COUNTERPRESS is pleased to announce the publication of We’re Nobody’s Children: David Bowie and Existentialism by Alex Sharpe.
This book brings existentialist philosophy (atheistic and Christian) to life through the artistic life of David Bowie. Working with Søren Kierkegaard, Friedrich Nietzsche, Martin Heidegger, Jean-Paul Sartre, Albert Camus, and Simone Weil, it both explains different existentialist themes and ideas (authenticity, anxiety, ethics, spirituality and death) and applies them to Bowie. In doing so, it sharpens our understanding of existentialism and of tensions both within existentialism and between it and some other philosophical approaches. In particular, it explores what it means to live an existentially authentic life, and it makes the case that Bowie, while he certainly ‘fell’ at times, can be understood as an exemplar of such a life. For David Bowie’s life and work can be read as a meditation on themes of alienation, loneliness, abandonment, fear, anxiety, meaninglessness, freedom and mortality.
If ever there was an artist in whose work we can hear the resonances of existentialism, it was David Bowie. Therefore, Alex Sharpe’s book is extremely welcome. This is an excellent book that also has much of interest to say about Bowie’s lifelong passion for spirituality and what his demise can teach us about our mortality. Highly recommended.
— Simon Critchley
(Hans Jonas Professor of Philosophy, The New School for Social Research)

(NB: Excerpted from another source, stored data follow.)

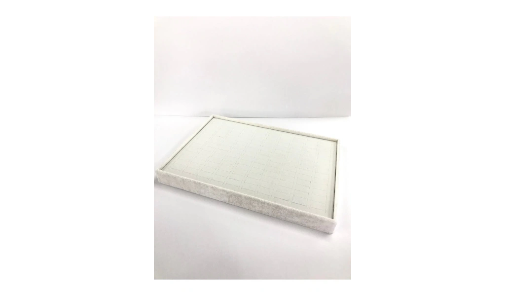 Ürünün Özellikleri : Malzemesi mdf üzerine süet kaplama ; Boyutları : Boy: 34 cm En: 24 cm Yükseklik : 3 cm ; Renk: Krem ; Kullanım Şekli : 140 Adet yüzük küpe sergilenebilir.
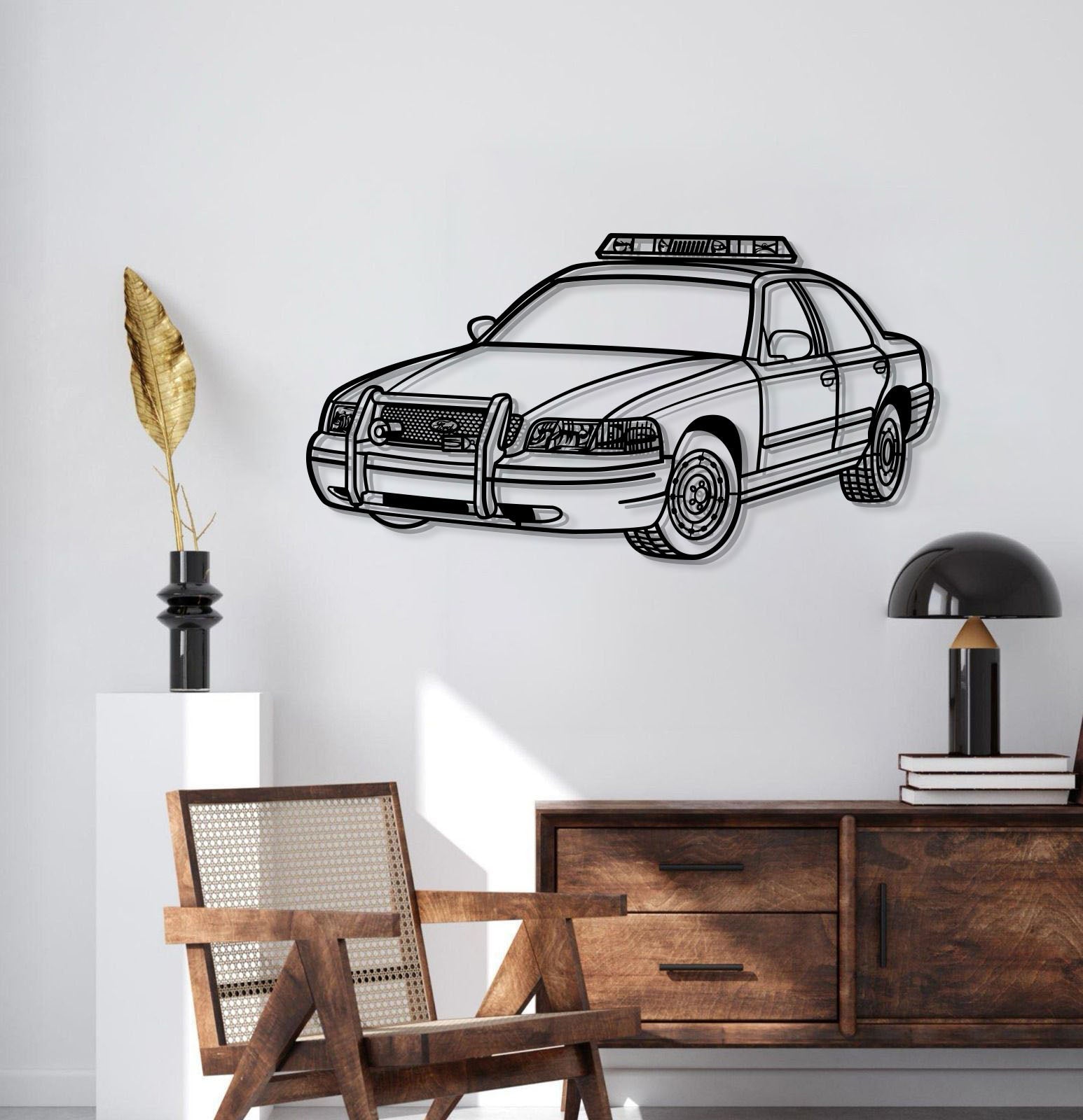 This 2003 Crown Victoria Copcar Perspective Metal Car Wall Art will turn any car enthusiast's home, garage, hallway, living room, bedroom, or office into a unique space, add a stylistic look and captivate petrolheads as well as visitors.
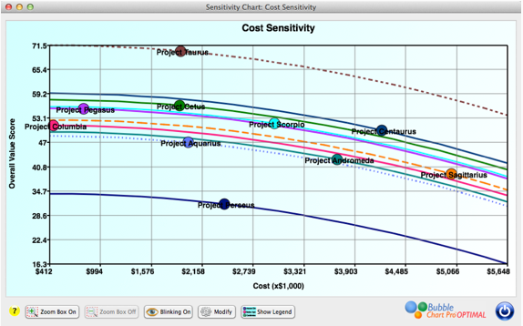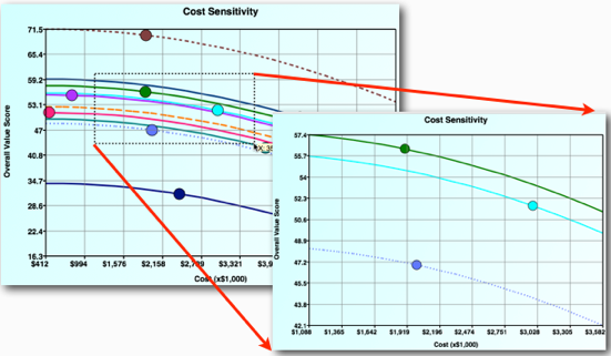 Let’s look at testing the sensitivity of a Cost attribute. The goal of attribute sensitivity test ing is to model what happens when one attribute changes while all the other attributes are held constant. The Sensitivity Chart for the Cost attribute above shows that as the costs go up, the overall value score of each project goes down. You can use this chart to see what happens when an individual project’s costs change because it may become more or less valuable than other projects.
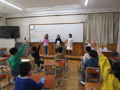 2年生は英語活動「絵本をしょうかいしよう」の学習で、作った絵本をグループごとに英語で紹介しました。色や生き物を英語で紹介し、最後にクイズをしました。2年生の英語活動は今日が最後の学習でした。3年生の外国語活動も楽しみにしている子どもたちです。

The book is available in paperback from online retailers and as a fair access ebook (PDF) available directly from COUNTERPRESS at a set price, with the option to pay less if you need to. Importantly, it is freely accessible to those who cannot pay at all. COUNTERPRESS is committed to making critical work across law and the wider humanities accessible to everyone, regardless of personal wealth.